If any part or provision of this code or application thereof to any person or circumstances are adjudged invalid by any court of competent jurisdiction, such judgment shall be confined in its operation to the part, provision or application directly involved in the controversy in which such judgment shall have been rendered and shall not affect or impair the validity of the remainder of this code or the application thereof to other persons or circumstances. The city council hereby declares that it would have enacted the remainder of this code even without any such part, provision or application.
This code shall take effect upon adoption by the city council. Subdivisions or site plans for which preliminary or final plans or plats have been submitted prior to the effective date may be developed and completed according to the preexisting requirements for subdivisions.
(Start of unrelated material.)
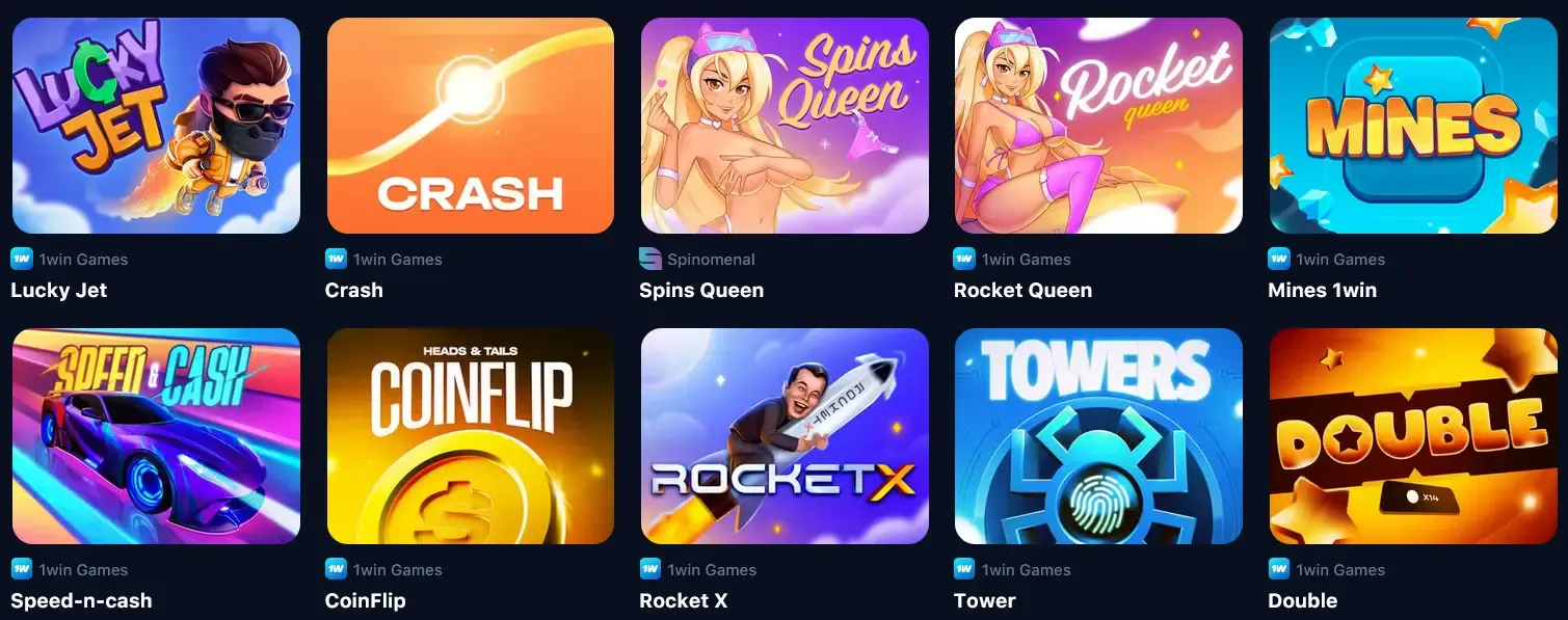 1Win Games boтАШlimida onlayn-kazino tomonidan yaratilgan oтАШziga xos mini-oтАШyinlar kolleksiyasi taqdim etilgan boтАШlib, ular sodda qoidalar va yorqin grafikalar bilan ajralib turadi.

However, preliminary or final subdivision plans or plats which are submitted prior to the effective date shall not be substantially amended or changed after the effective date except to conform with the regulations established herein. Nothing herein shall vest a preliminary master plan. Planned unit development plans shall only become vested at the time of approval of the final master plan.
(Ord. No. 2020-20, § 2, 5-4-21)
2.13.1.
Procedures.
1.
Notwithstanding any provision of these Land Development Regulations to the contrary, in order to be considered vested, a project must have been issued a final development order, must have commenced developing pursuant to that specific order, and must be continuing in good faith to do so. For purposes of this section, a final development order is one of the following:
a.
For projects requiring a site plan review - final site plan approval by the planning and zoning commission or city council, as appropriate ; or
b.
For projects requiring a construction plan review only - the issuance of a building permit by the community development department.
2.
Any project which has received a final development order shall be considered as having commenced developing if:
a.
A building permit has been issued therefore; and,
b.
Vertical construction for which a building permit is necessary has actually commenced (e.g. other than site improvements such as excavation and site clearing).
3.
Any project which has received a final development order and which has commenced developing shall be considered as continuing in good faith to do so if:
a.
Vertical construction for which a building permit is necessary and for which regular inspections are performed continues so that inspections are being called for on a regular basis; and,
b.
The permits for the project have not expired.
4.
The vested rights of any project which fails to meet any of the above tests shall be null and void. However any project which has received final site plan approval immediately prior to the adoption of these Land Development Regulations or any amendment thereto shall be considered to be vested for the purpose of site plan approval so long as a building permit is issued and vertical construction is commenced within the time frames set forth in these Land Development Regulations.
5.
All projects claiming vesting hereunder must be completed within the time frames allowed in these Land Development Regulations.
6.
Any applicant or developer claiming vested rights must do so on a form provided by the planning and development department. Failure to claim such vested rights at the time of any application wherein vesting might be an issue shall cause any vested rights which might otherwise be in existence to be waived.